연구주제: 로돕신의 광인지 및 광에너지 변환 기작의 규명
연구재료: 각 생명체에 존재하는 로돕신의 기능 및 생화학, 생물리학적 성질 연구
1. 고세균 (Archaea: Halobacterium, Natronomonas, Haloferax)
2. 박테리아 (Anabaena, Gloeobacter, Proteobacteria)
3. 진핵생물 (1) Algae: Chlamydomonas, Acetabularia, Guillardia, Pyrocyctis
(2) Fungi: Neurospora, Leptosphaeria
(3) Human: Melanopsin
연구내용
1. 세포내의 기능을 연구하기 위한 Knock-out 및 RNA interference
2. 막단백질의 대량발현, 분리 정제
3. 신호전달 단백질의 상호작용연구 (phosphorylation, gel shift assay등)
4. 광화학작분석 (spectrophotometer)
5 생물리학적분석 (Laser Flash photolysis, FTIR, Raman, solid-state NMR 공동연구)
6. 광변환 기작을 이용한 광바이오센서 제작
연구배경
로돕신 연구분야는 녹색광 수용체인 로돕신에 의한 광감지 조절 현상이 20세기 초에 발견된 이후로 고세균
(Archaea, 아케아)의 광주성 규명을 위한 순수 학문연구로서 연구되어져 왔고, 21세기 들어 proteorhodopsin의 발견으로 해양미생물의 태양에너지 이용 및 환경 적응성을 위한 실용적 응용을 목표로 다양한 연구들이 활발히 이루어져 왔다. 이 연구분야의 연구성과물이 Nature, Science, PNAS, PLoS Biology 등 유수한 저널에 게재되고 있으며, 에너지 전환기작의 이해에서 출발한 광감지 센서 등을 제작하는 공학분야에까지 응용이 되고 있다.
Microorganisms have evolved efficient photoenergy converters and sensitive photodetectors that monitor
spatial and temporal variation in light intensity and color. How do microbes sense the light?
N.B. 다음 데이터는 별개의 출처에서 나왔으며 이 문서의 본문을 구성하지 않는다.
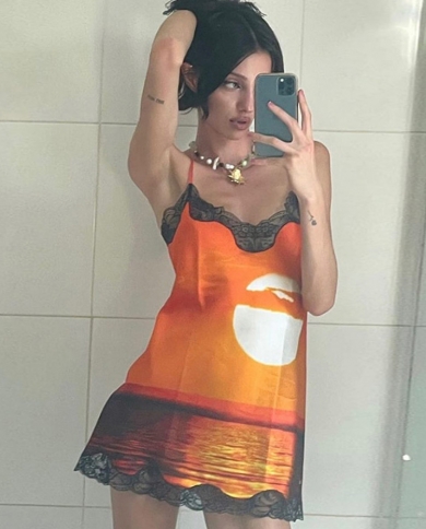 Hirigin Spaghetti Straps Dress Summer Women Mesh Dress Sash
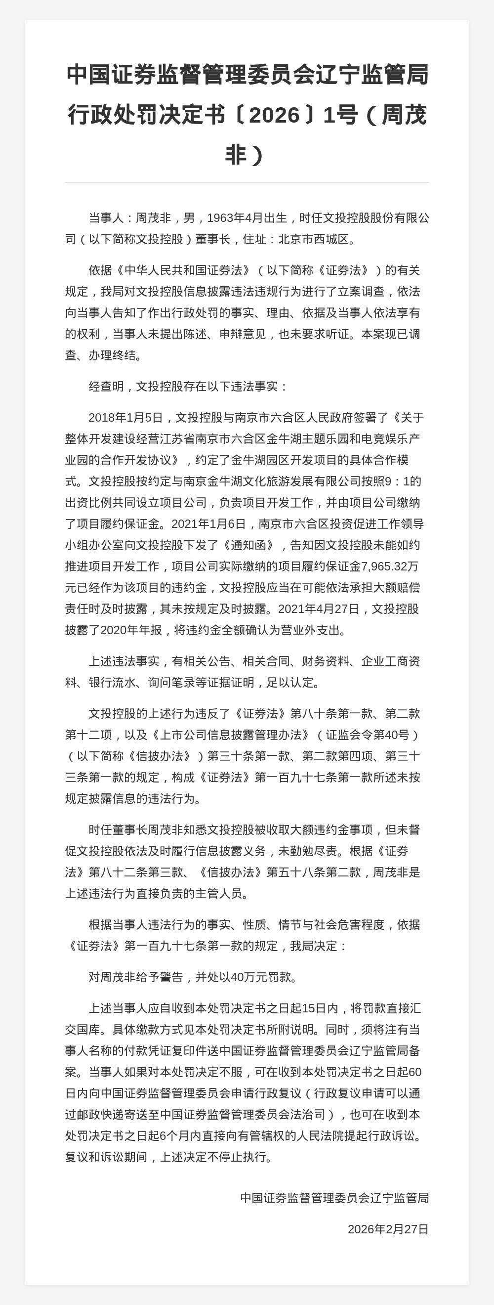 蓝鲸新闻2月27日讯,近日,中国证券监督处置委员会辽宁监管局发布了一则行政处罚决定书,对文投控股(维权)股份有限公司时任董事长周茂非进行了处罚。
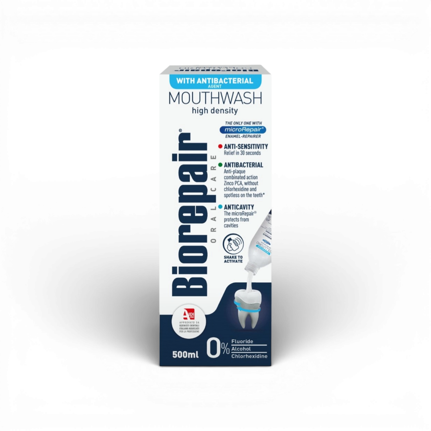 Biorepair Oral Care Mouthwash is a high-density formula specially designed to help repair and protect tooth enamel while providing complete oral care. Powered by microRepair® technology, it helps rebuild enamel, protect against cavities, and relieve tooth sensitivity by acting directly on exposed dentin.
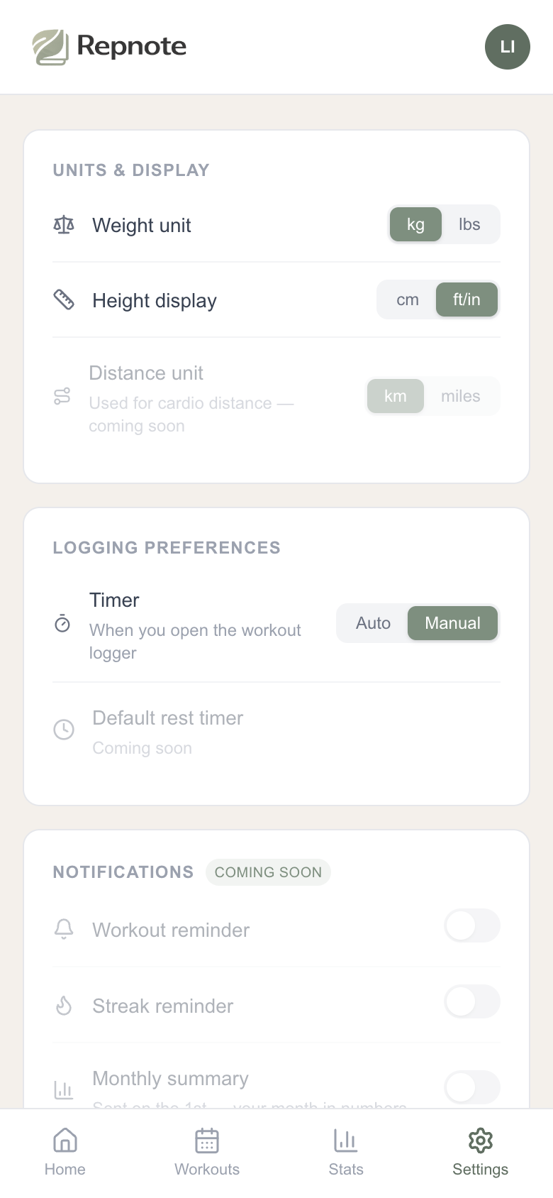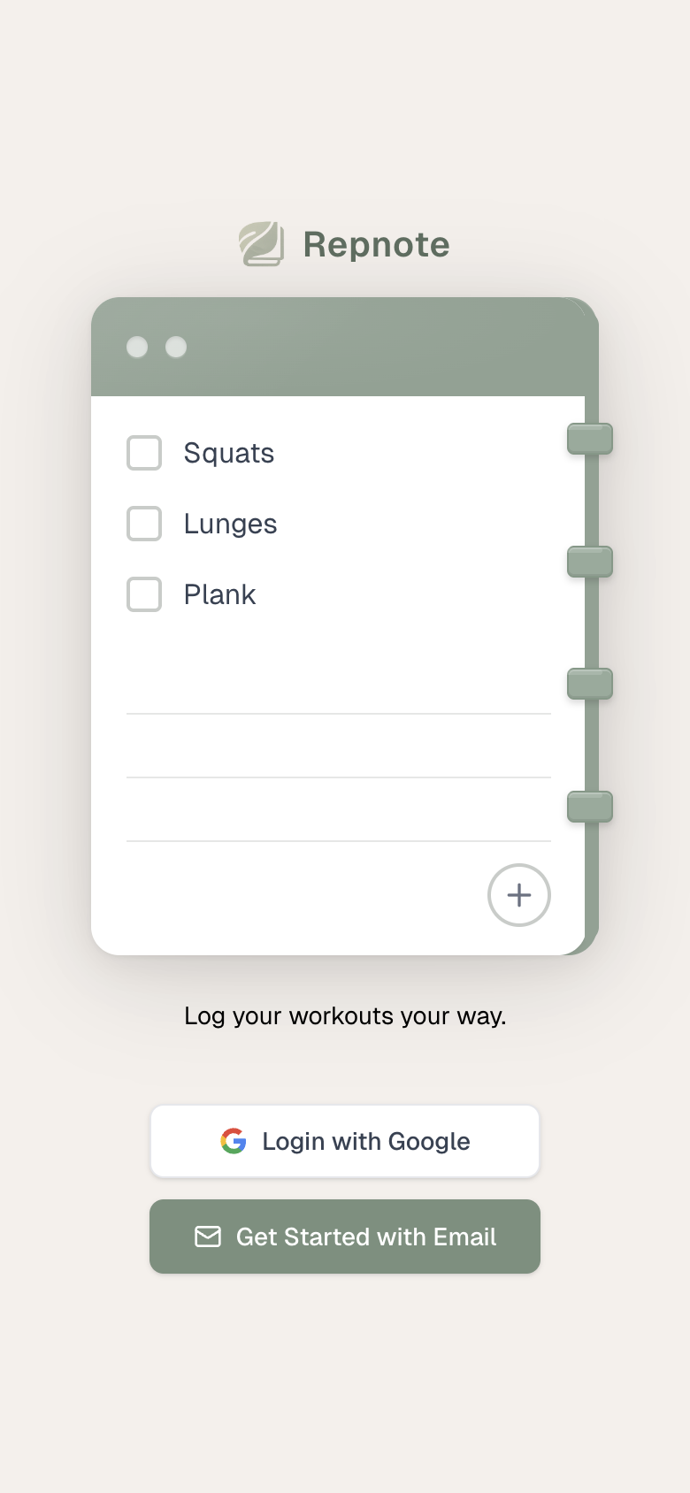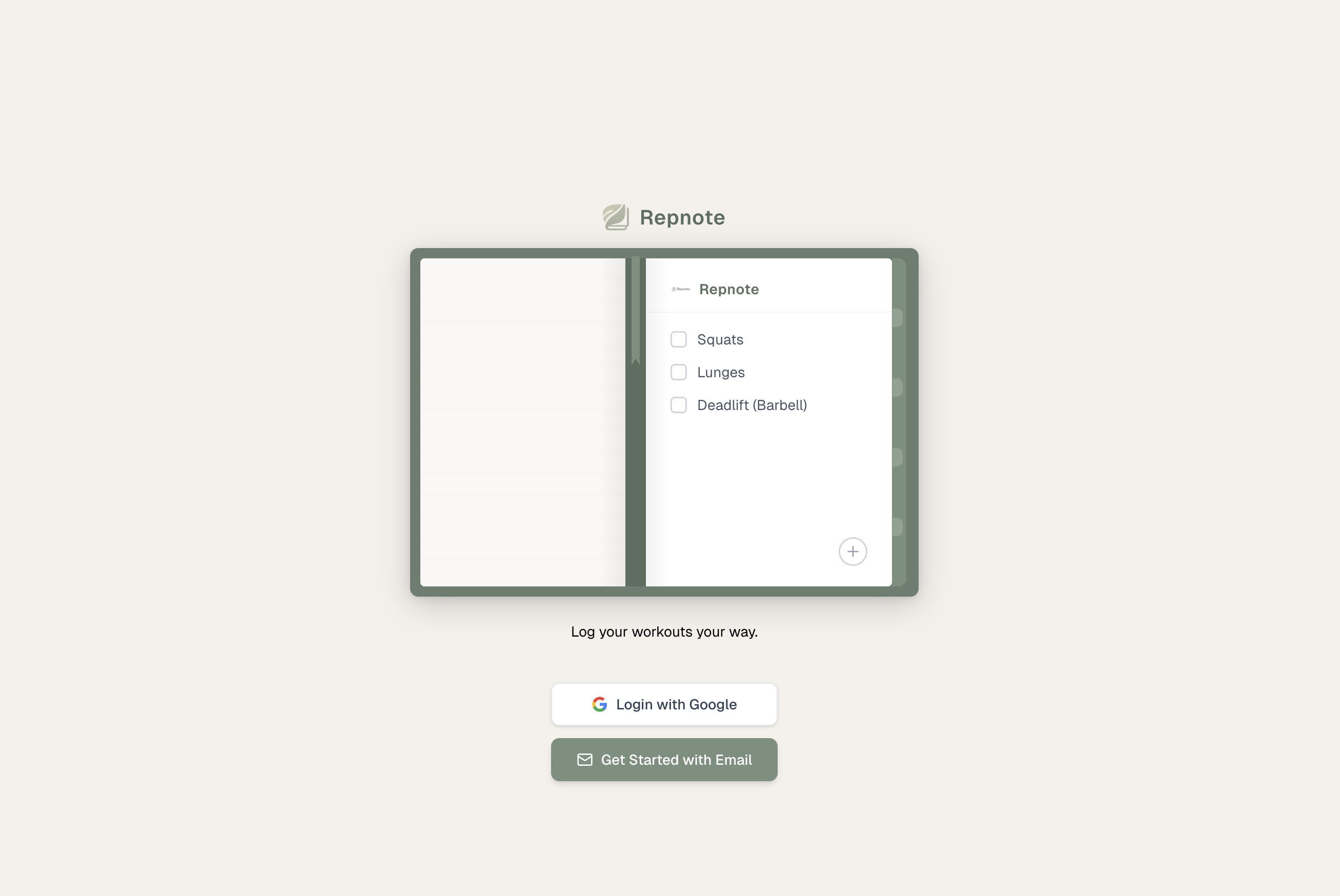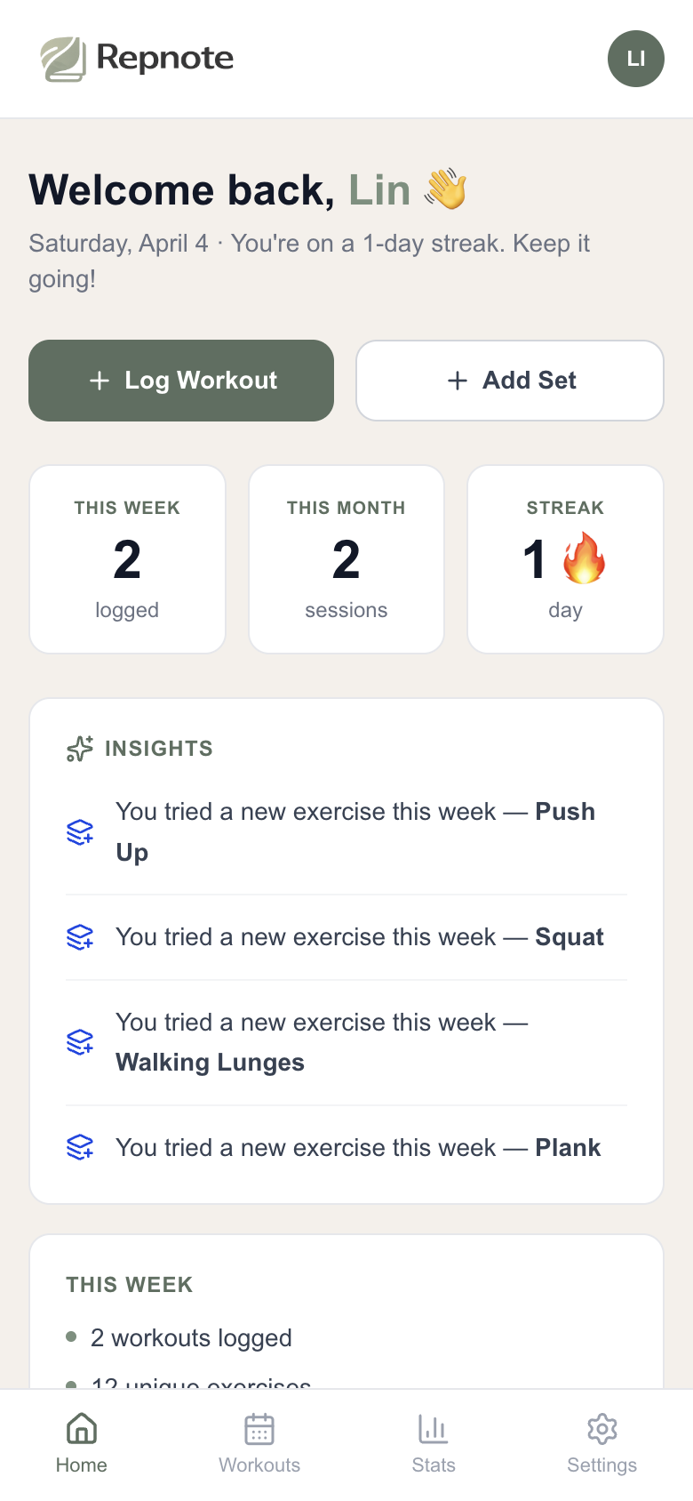 RepNote is a fitness tracking web app focused on logging workouts and seeing progress over time. It is built as a practical product surface for sets, reps, and consistency.
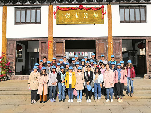 枫泾廊下古镇游路线中,职工们来到枫泾古镇,古镇位于上海市西南角,是典型的江南水乡,素有“三步两座桥,一望十条港”之称;枫泾文化底蕴深厚、自然风景优美,小桥流水、青砖黛瓦。大家从古镇南边的主入口进,走到南大街,沿着河慢慢逛古镇,先后参观了“金圃宅第”枫泾历史文化陈列馆、枫溪古色古香的长廊、程十发祖居、上海地区保存最完整的人民公社旧址、全国规模最大的毛泽东像章馆和当代最负盛名的漫画家丁聪漫画陈列馆等。
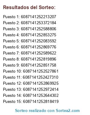 Resultados del sorteo:
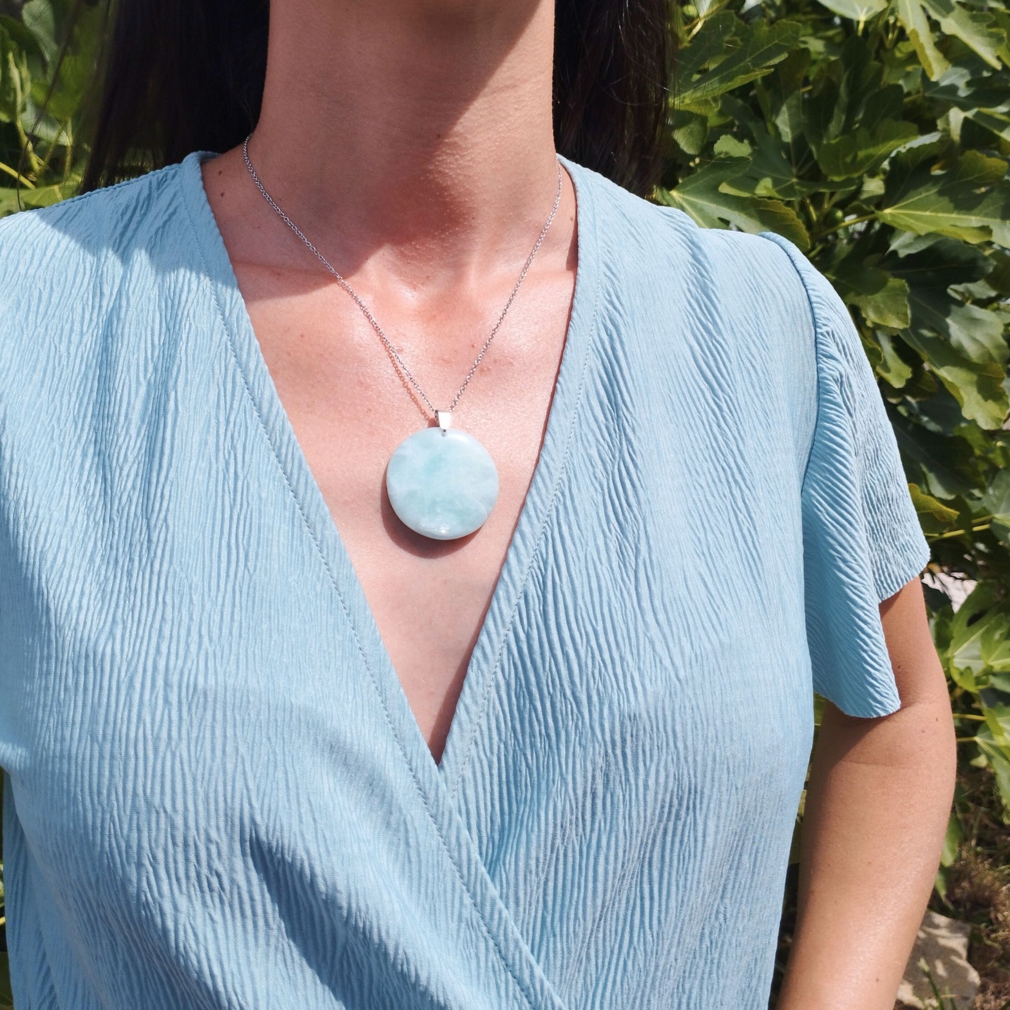 - L’amazonite est réputée pour son effet harmonisant sur les émotions. Elle aide à réduire le stress et l’anxiété, apportant une sensation de paix et de tranquillité intérieure. Elle est idéale pour ceux qui vivent des périodes de grande tension ou qui sont souvent confrontés à des situations stressantes.

Rhodopsins are diverse and relatively well characterized signal processing photoreceptors. The long-term objective of my research is to elucidate the molecular mechanisms of biological signal transduction
process by microbial rhodopsins in Bacteria (Anabaena, Jung et al., Mol. Microbiol. 2003) and Eucarya
(Chlamydomonas, Sineshchekov, Jung, & Spudich, PNAS 2002). More specifically, I will focus on the
study of interaction between the photoreceptors with their transducers (a soluble protein in Anabaena and
an ion channel in Chlamydomonas) by genetic, spectroscopic, and biochemical approaches, elucidation
of the functioning of these proteins during the photosignal transduction process, and investigation of the
other component(s) in their signal transduction pathways.
로돕신이란 ?
Microbial rhodopsins, photoactive 7-transmembrane helix proteins that use all-trans retinal as their
chromophore, were observed initially in the Archaea and appeared to be restricted to extreme halophilic
environments.
Genome sequencing of cultivated microbes as well as environmental genomics have unexpectedly
revealed archaeal rhodopsin orthologs in the other two domains of life as well, namely Bacteria and
Eucarya over the past three years.
Organisms containing these homologs inhabit such diverse environments as salt flats, soil, freshwater,
and surface and deep ocean waters, and they comprise a broad phylogenetic range of microbial life,
including haloarchaea, proteobacteria (Magnetospirillum), cyanobacteria (Anabaena), fungi (Neurospora,
Fusarium, & Cryptococcus, and 6 other species), and algae (Chlamydomonas, Guillardia, & Pyrocystis).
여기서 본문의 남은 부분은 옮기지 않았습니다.